I have no experience with romance comics. Romance, I’m fairly well acquainted with, although we haven’t been on speaking terms as of late. I love comic books, but they seem to be the genre that I have the least romantic experience with. I enjoy having my heart torn open by the music of Stephin Merritt. I love watching “Say Anything” or “Harold & Maude”. Even when it comes to TV I can get sucked in to any trashy, wonderful drama like “Gossip Girl” or “True Blood”, where the wealth and the blood lust are really just back seat passengers to the steamy, constant sexual game of back and forth. For some reason romance comics never made their way across my graphic palette.

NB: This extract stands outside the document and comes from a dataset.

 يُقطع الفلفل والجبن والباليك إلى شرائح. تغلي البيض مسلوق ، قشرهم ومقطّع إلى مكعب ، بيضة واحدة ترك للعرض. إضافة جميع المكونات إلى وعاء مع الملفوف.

So I approached Young Bottoms in Love a little warily, having no idea what I was in for. Well, I mean, I had some idea of what I was in for, the title of the anthology leaves little to the imagination. YBiL is a collection of strips that ran on the site Popimage from 2002-2006 that deal with gay love from about as many different approaches as you can think of (and a few you’ll never see coming, like the Herbie The Love-Bug type strip, Zero to Sixty). The anthology has been out of print for a few years now but is now re-emerging in digital form thanks to Northwest Press. What else makes the return of this anthology something to take note of (besides how incredible it is) is that for every copy purchased $5 will go to Prism Comics a “non-profit organization that supports lesbian, gay, bisexual and transgender (LGBT) comics, creators, and readers.”

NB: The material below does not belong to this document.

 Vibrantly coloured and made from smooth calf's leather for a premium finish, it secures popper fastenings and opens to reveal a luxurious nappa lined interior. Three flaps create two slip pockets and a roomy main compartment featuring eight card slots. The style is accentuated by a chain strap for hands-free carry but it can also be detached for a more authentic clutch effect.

Getting back to that title, it’s not what you think. Well, sure, it is what you think, but this isn’t a sex comic. In fact, it’s not even just one comic, it features a number of comics by a number of creators including some names you may have heard of like Howard Cruse, Paige Braddock and Tim Fish. Also when I said it wasn’t a sex comic, in no way did that mean that there’s no sex inside, because there is. But sex is only the beginning.
The most shocking thing about YBiL is how by changing the genre ever so slightly, from the traditional romance comics angle of boy meets girl, to boy meets boy, the results are both hilariously different and heartbreakingly similar. I don’t want to dwell too much on the hilariously different, more on the latter, because there is a wonderful sense of universal truth and understanding in YBiL that demonstrates the talent and insight of the artists involved.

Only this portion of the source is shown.